(Work instruction):
Upon reaching the line that contains "Kort tweed jasje" in the records below, begin repeating every line exactly through the last one, skipping pictures.

Top of Source information

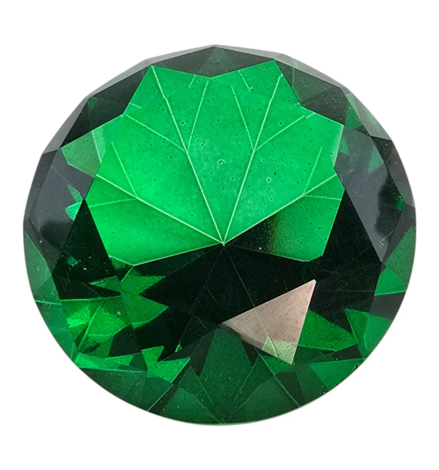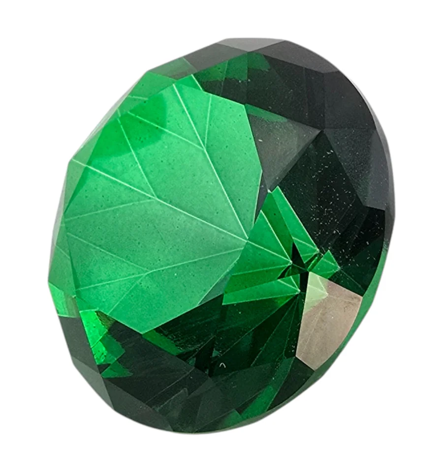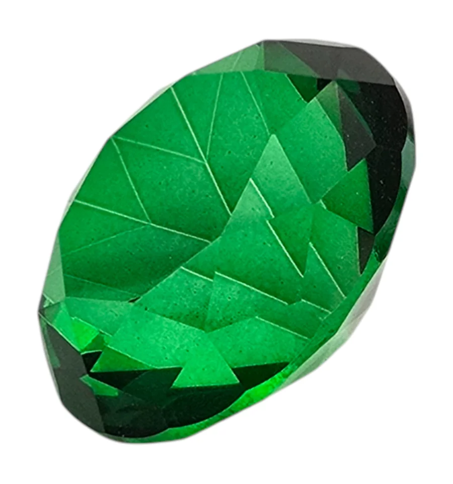 Додайте розкоші та яскравих акцентів у ваш простір або кадр з нашим великим декоративним кристалом глибокого смарагдового кольору. Завдяки класичній ограновуванні у формі діаманту, камінь чудово заломлює світло, створюючи гарні відблиски.
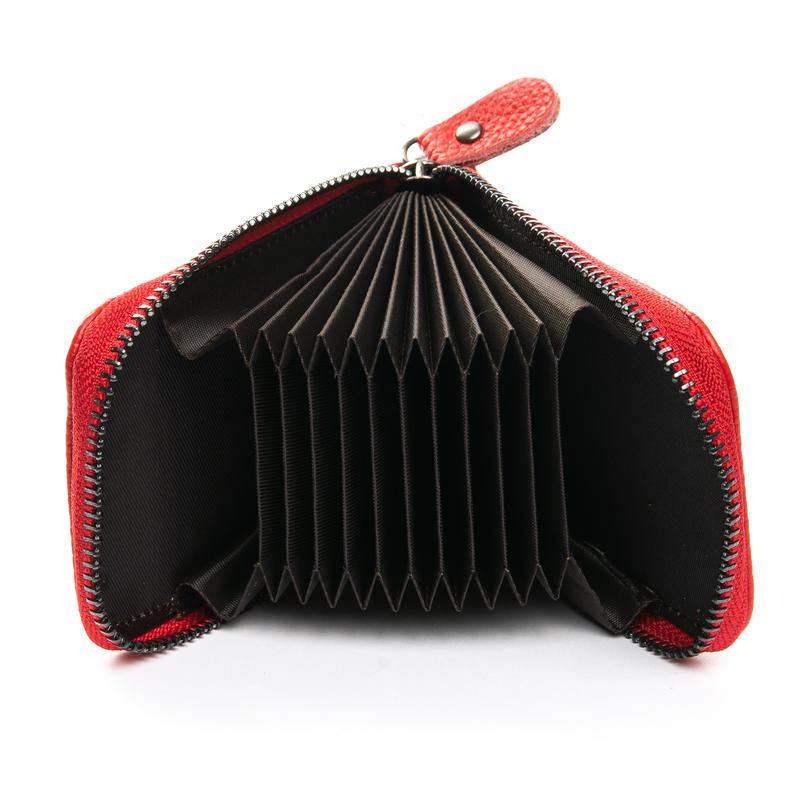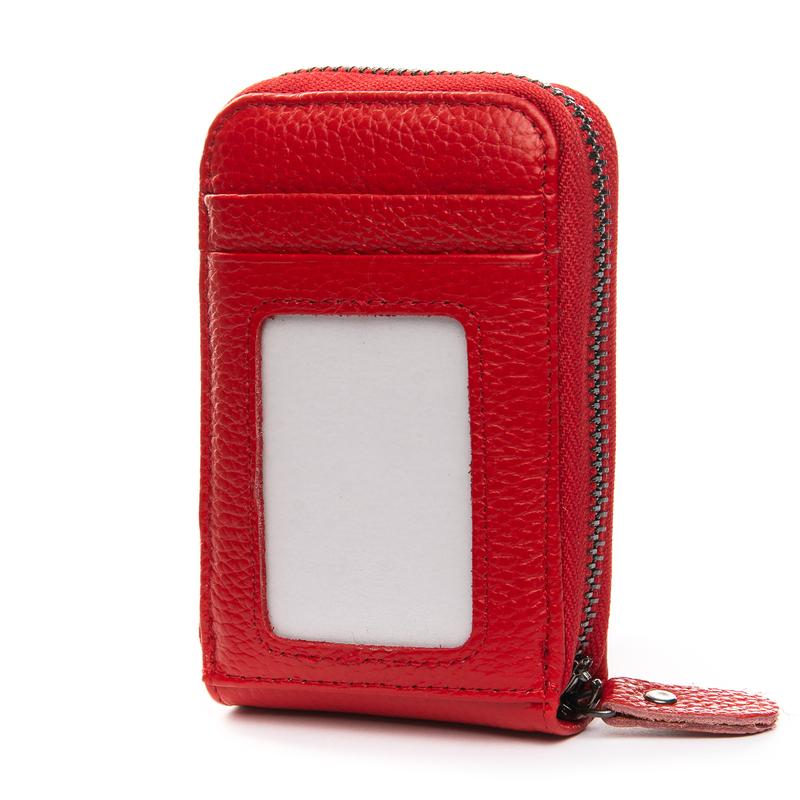 Жіноча візитниця, виготовлена з натуральної шкіри. Закривається на блискавку. Усередині знаходяться 12 відділень для візитних карток. Зовні візитниці є два відкритих кишені, один з яких виконаний прозорим. Розмір (див) 11,5 * 7,5 * 3 арт H862-2
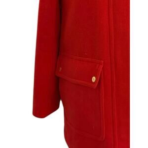 Stay warm in style with this classic J.Crew Vail Parka in a vibrant cherry red. Crafted from a cozy wool blend, this coat features a hood with plush faux fur trim for a touch of winter luxury. Front flap pockets add both style and functionality, while the tailored silhouette keeps it sleek and flattering. Perfect for crisp winter days, holiday outings, and city strolls.
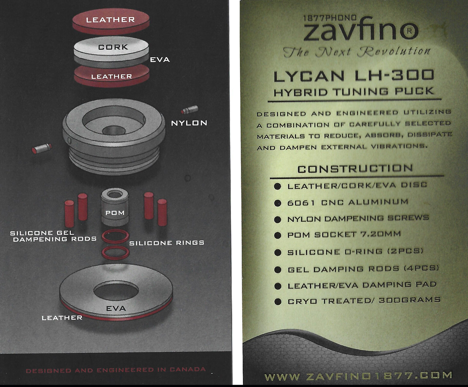 Новый прижим для пластинок компании Zavfino - модель Lycan LH-300 имеет сложную конструкцию из алюминия прошедшего криогенную обработку, пробки, кожи и гелевых вставок. Масса устройства - 300 грамм.
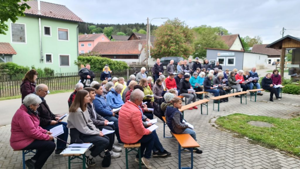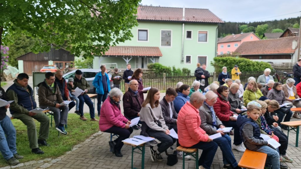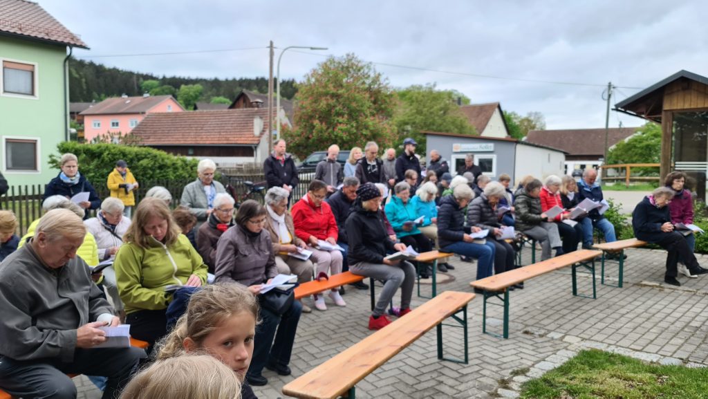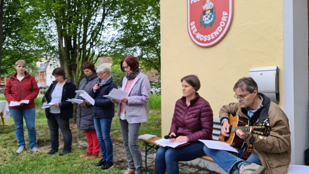 Der Mai gilt in der katholischen Kirche als Marienmonat, denn Maria bedeutet als  die Wichtigste unter allen Heiligen.  Darum wird Maria in besonderer Weise verehrt. Auch der Frauenbund Burglengenfeld hat seine Maiandacht in See  fest in seiner Jahresplanung datiert. Letzten Freitag gestaltete der Frauenbund seine Maiandacht unter dem Motto „Getragen vom Glauben“  in See vor dem Feuerwehrhaus. Veronika Spandl vom Vorstandsteam begrüßte die über 80 Mitfeiernden, unter ihnen Dekan Michael Hirmer, Kaplan Babu und Ruhestandspfarrer Thomas Senft. Das erweiterte Vorstandsteam las die vorgegebenen Texte, wobei auch die Besucher mit eingebunden waren. Mit Marienliedern gelang eine stimmungsvolle Andacht, die von  Pastoralreferenten Konrad Kraus musikalisch begleitetet wurde. Ein   besonderer Dank galt der FFW Mossendorf/See für das Bereitstellen des Feuerwehrhauses.
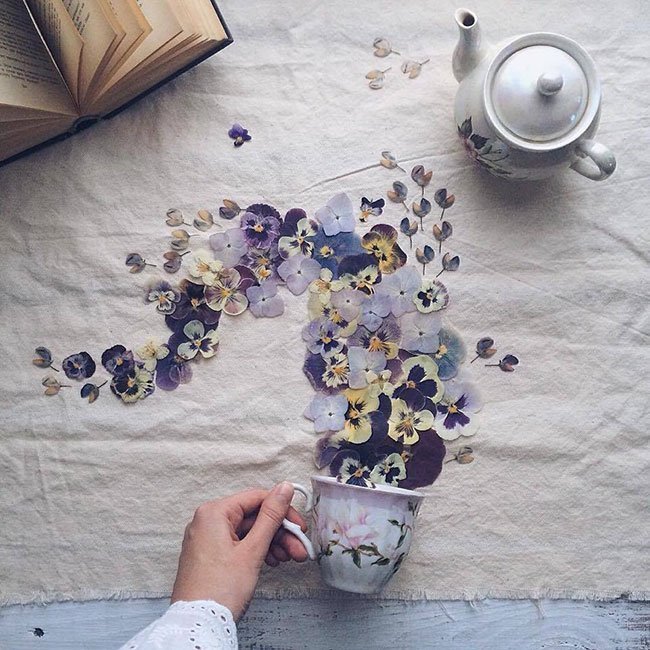 Hay gente que se obsesiona con cosas tan dispares como el té y las flores, así que lo mejor que se le ha ocurrido a Marina Malinovaya, la artista en cuestión, ha sido fusionar ambos gustos en uno solo.
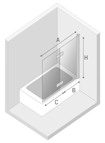 PARAWAN WANNOWY SKRZYDŁO POJEDYNCZE SKŁADANE PRAWE 120X140 CM, SZKŁO PRZEZROCZYSTE 6 MM
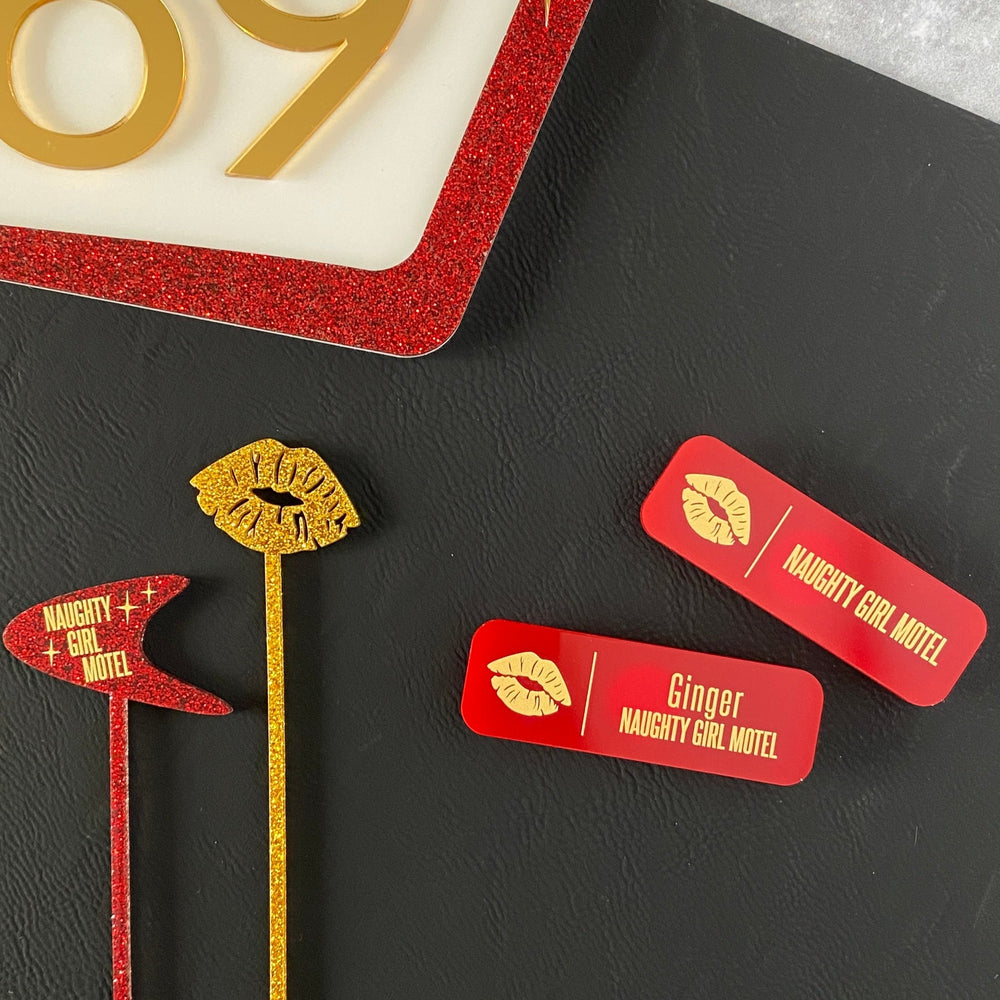 Personalized name tags with magnetic attachment. Can be made with any color acrylic (except transparent colors) or wood. We can add a logo and event adjust the shape as needed (doesn't need to be rectangle!)
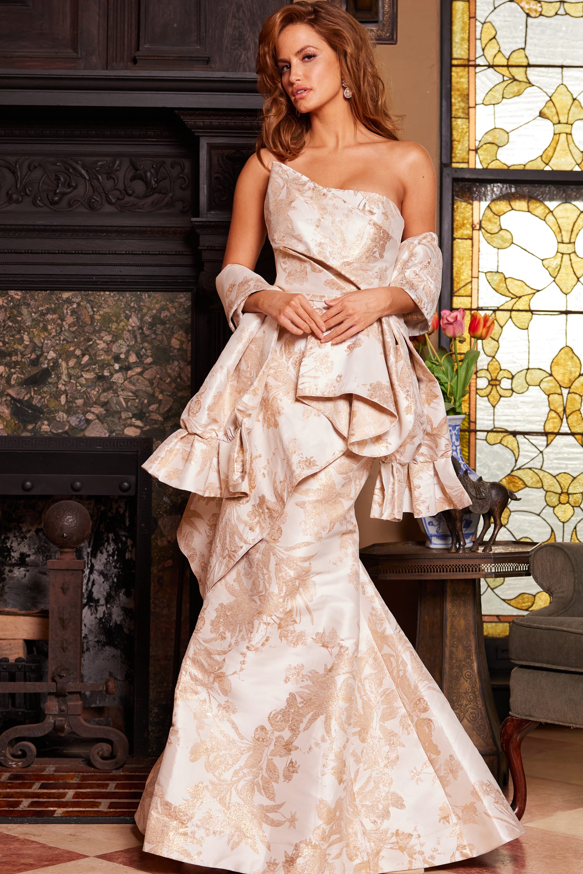 The gown, designed for Mother of the Bride and black-tie events, features a luxurious brocade material that adds texture and sophistication. The mermaid silhouette is tailored for a flattering fit, accentuating curves with a touch of grace. A pleated bodice and peplum detail provide intricate and contemporary elegance. With a long length, the gown exudes formality, suitable for special occasions. The straight back style and strapless neckline contribute to a clean and classic aesthetic, while the sleeveless design ensures a modern and chic appearance. Available in navy and gold, the gown is recommended for spot dry cleaning to maintain its pristine condition. Sizes range from 00 to 24, catering to a diverse range of body types for a timeless and elegant look
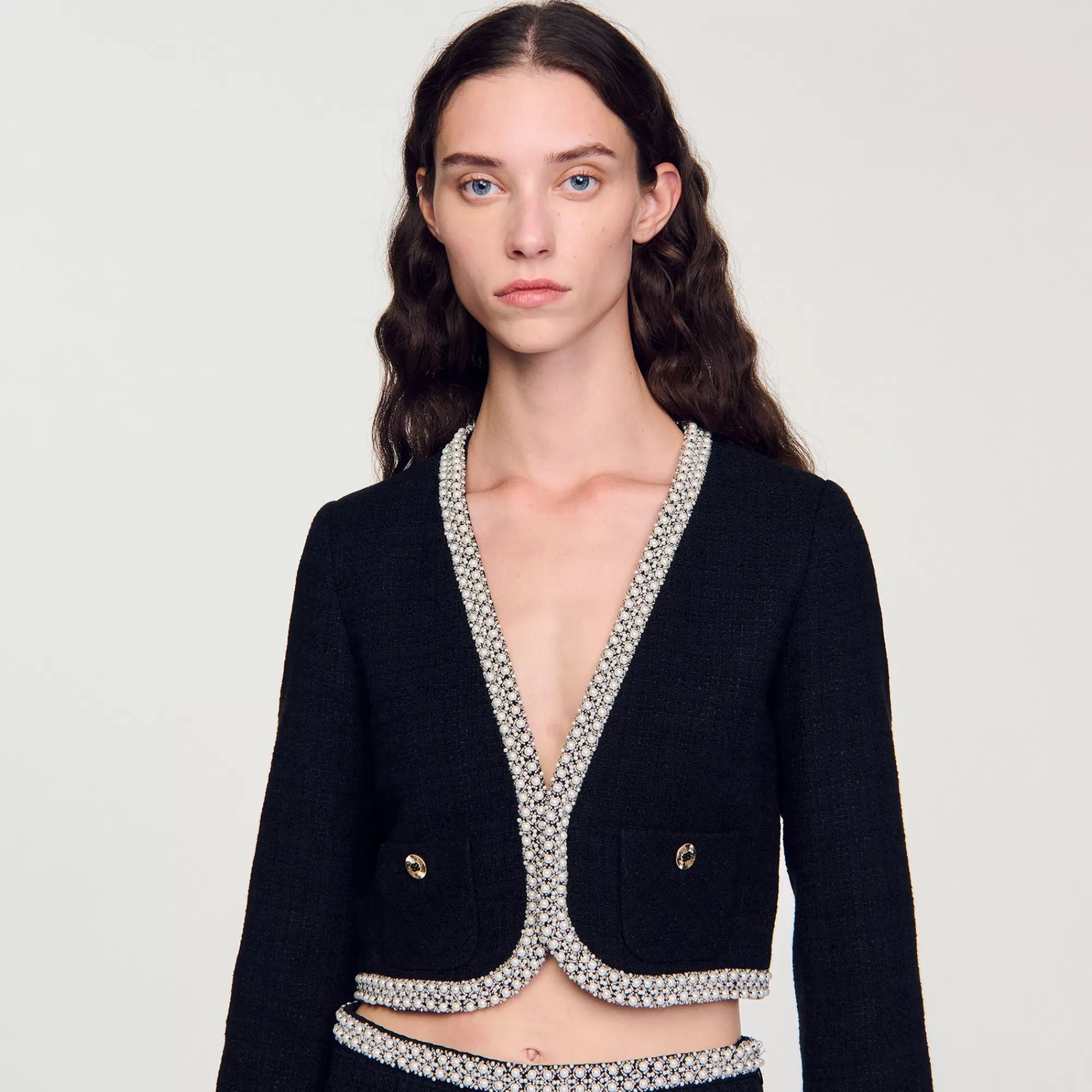 Kort tweed jasje met lange mouwen, opgestikte zakken en galons met parels.
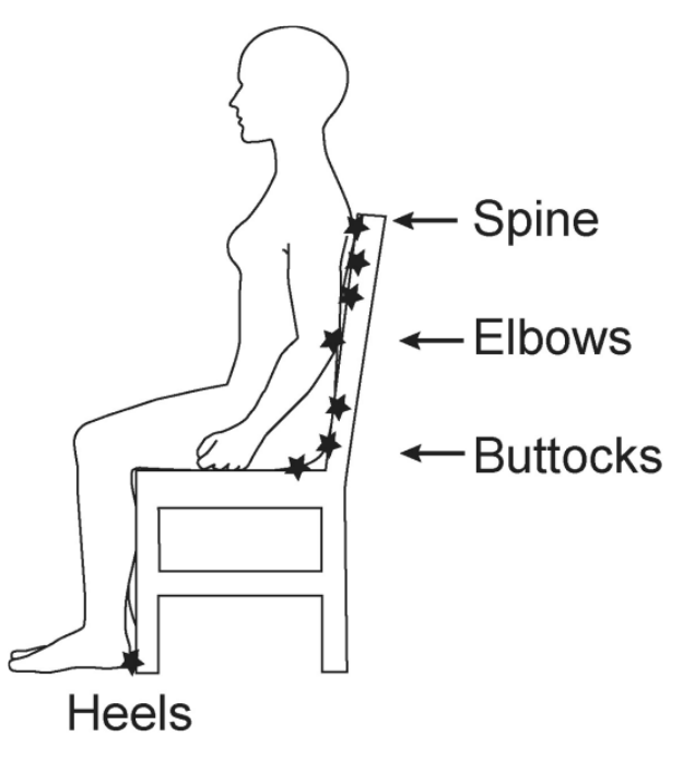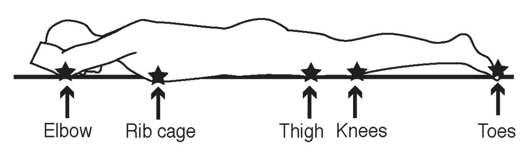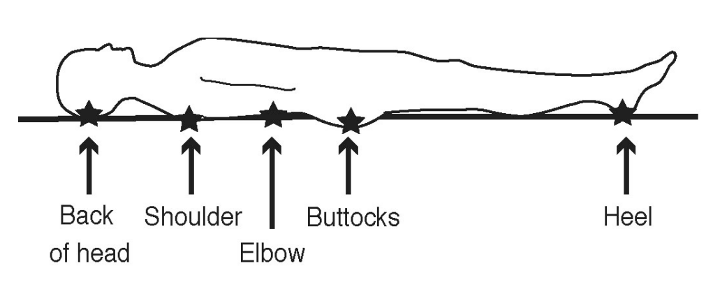 Pressure ulcers occur over areas of the body which support our weight and where bone is near the surface (there is a constant pressure). See diagrams.

Bottom of Source information

(Solution to this problem):
 Kort tweed jasje met lange mouwen, opgestikte zakken en galons met parels.
 Pressure ulcers occur over areas of the body which support our weight and where bone is near the surface (there is a constant pressure). See diagrams.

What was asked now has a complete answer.